Second Degree Burns:
- Immerse the affected area in cold (not ice) water until the pain subsides.
- Dip clean clothes in cold water, wring them out and apply them over and over again to the burned area for as long as an hour.
- Blot the area dry.
- Do not rub.
- Do not break any blisters that have formed.
- Avoid applying antiseptic sprays, ointments, and creams.
- Once dried, dress the area with a single layer of loose gauze that does not stick to the skin.
- Hold in place with bandage tape that is placed well away from the burned area.
- Change the dressing the next day and every two days after that.
- Prop the burnt area higher than the rest of the body, if possible.
- Call your doctor if there are signs of infection (fever of 101°F or higher, chills, increased redness and swelling, and pus) or if the burn shows no sign of improvement after 2 days.
Third Degree Burns:
- All third degree burns require medical treatment.
- Minor third-degree burns can be treated in a doctor’s office, but all others should be considered a medical emergency that requires hospital treatment, usually in a burn unit.
- Call 911 or get the person to an emergency room as soon as possible.
- If the person is on fire, do not let him or her run.
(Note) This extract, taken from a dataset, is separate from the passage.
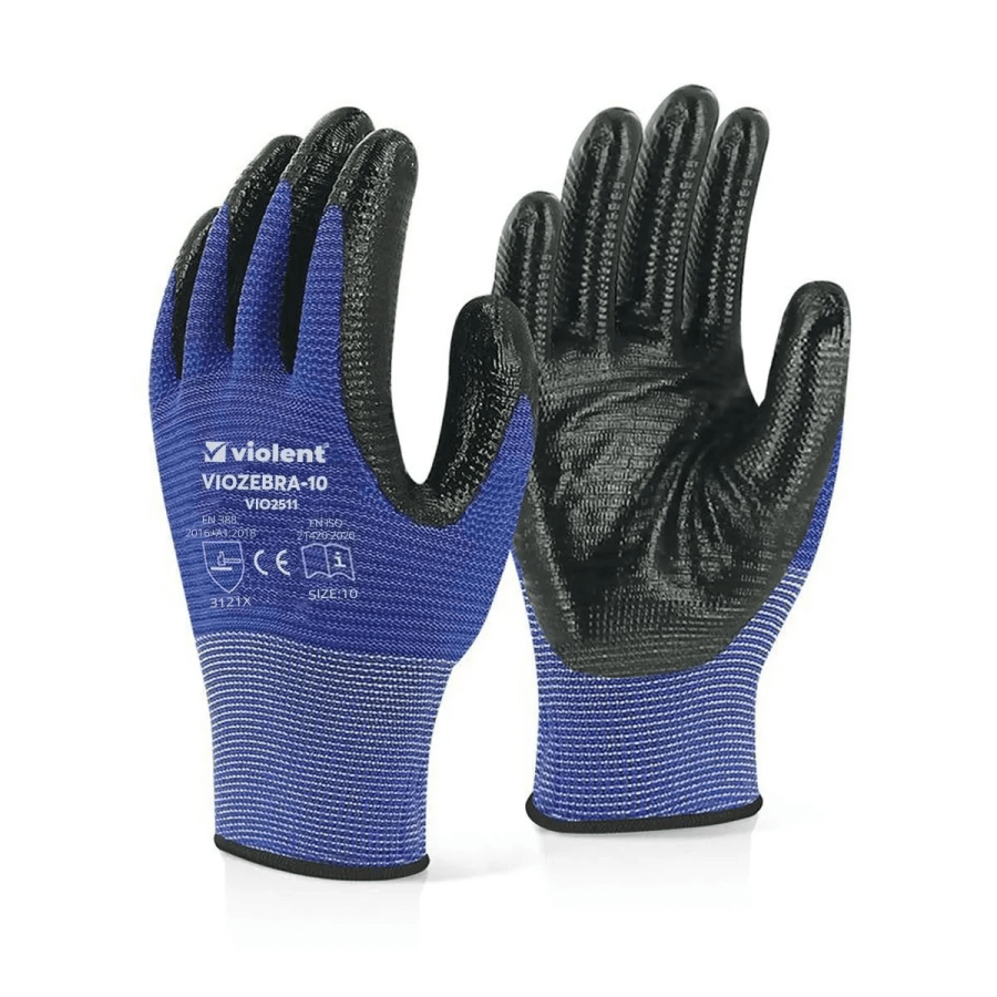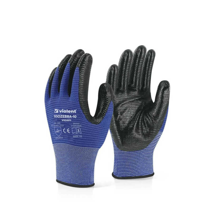 Violent VIOZEBRA-10 Mavi 2512 iş eldiveni, uzun süreli kullanımlarda maksimum konfor ve koruma sağlamak üzere tasarlanmıştır. Avuç içi lateks kaplı yapısı sayesinde yüksek kavrama gücü sunar, ıslak ve kuru yüzeylerde kaymayı önler. Esnek yapısı sayesinde ele tam oturur, hassas işlerde dahi hareket kabiliyetini kısıtlamaz.

Smother any flames with a blanket, jacket, or water, if available, or have the victim use the “stop, drop, and roll” method.
- Remove any clothing or jewelry from the injured area, but DO NOT remove clothing if it is stuck to the burn.
- Very briefly immerse the burned area in cold water or use a clean towel or washcloth moistened with cold water to stop the burning process.
- Don’t hold the burned area in cold water for too long or you will cool down the body too much.
- Don’t use ice or ice water because they will further damage the tissue.
- Do not break open any blisters or there will be a greater risk of infection. If the blisters are open, don’t remove any clothing that might be stuck to the burn and don’t run water over the burn. This will increase the risk of shock.
- Whether the blisters are broken or not, you can place a dry, sterile gauze pad over the burn, but do not use any bandages with adhesive. If the burned area is larger, lightly drape a clean sheet over it to protect it until you get medical treatment. It is important for the bandage to be loose so the burn gets air.
- Never apply butter, oils, or burn ointments. They make it more difficult for the burn to heal and can actually make the burn worse because the heat can’t escape.
- Arms or legs that are burned should be kept raised to reduce the amount of swelling. If the face or neck is burned, raise the person’s head slightly. This will also help if he or she is having trouble breathing.
- If the person appears to be going into shock, lay him or her flat on the ground, raise the feet around 12 inches (30 cm), and call for medical help. You can cover the patient with a blanket to keep him or her warm.
- Do not give a person who is in shock anything to drink. Otherwise, you can provide the patient with small sips of clear liquid, such as water or juice.
SAFETY IS A FULL-TIME JOB…DON’T MAKE IT A PART TIME PRACTICE!!